• _Data segment_:
%%

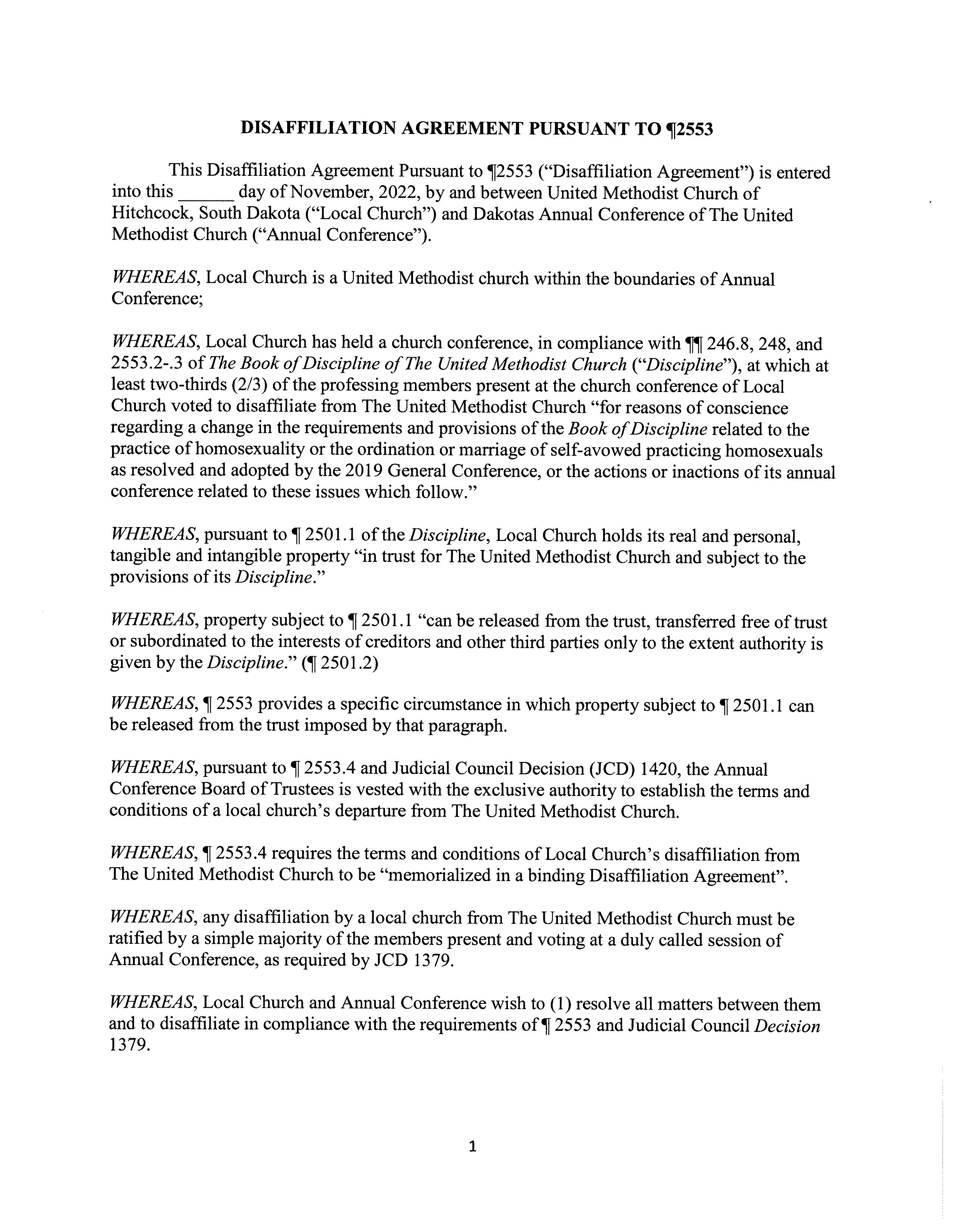 THEREFORE, having met all the requirements in a timely manner, The Conference Board of Trustees hereby, prayerfully rec ommends the ratification of disaffiliation agreement for Eureka United Methodist Church in Eureka, South Dakota. We pray for God’s favor and blessings on this ministry as we part ways.
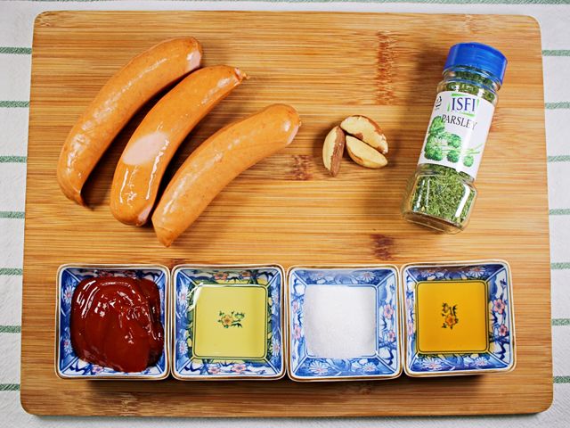 재료는 소시지, 견과류, 케첩, 올리고당,
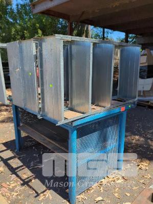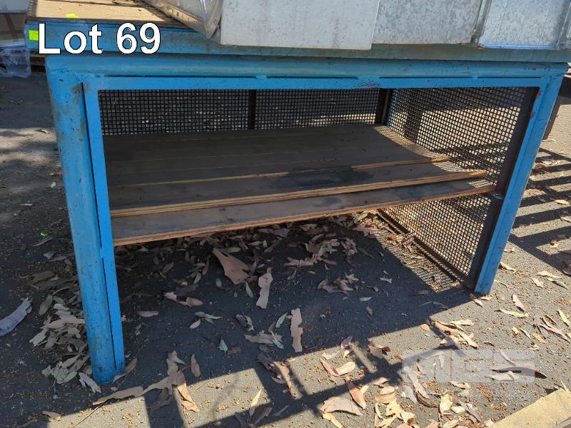 WORK BENCH, TIMBER TOP, 2 TIER, 1580 (L) x 960 (W) x 950 mm (L) WITH 4 x METAL SHELF UNITS, 5 TIER, 1300 (H) x 700 (W) x 300mm (D)

%%

• _Task item_: Keep the pictures out while you retype all of the data above exactly as it appears.

• _Written answer_:
 THEREFORE, having met all the requirements in a timely manner, The Conference Board of Trustees hereby, prayerfully rec ommends the ratification of disaffiliation agreement for Eureka United Methodist Church in Eureka, South Dakota. We pray for God’s favor and blessings on this ministry as we part ways.
 재료는 소시지, 견과류, 케첩, 올리고당,
 WORK BENCH, TIMBER TOP, 2 TIER, 1580 (L) x 960 (W) x 950 mm (L) WITH 4 x METAL SHELF UNITS, 5 TIER, 1300 (H) x 700 (W) x 300mm (D)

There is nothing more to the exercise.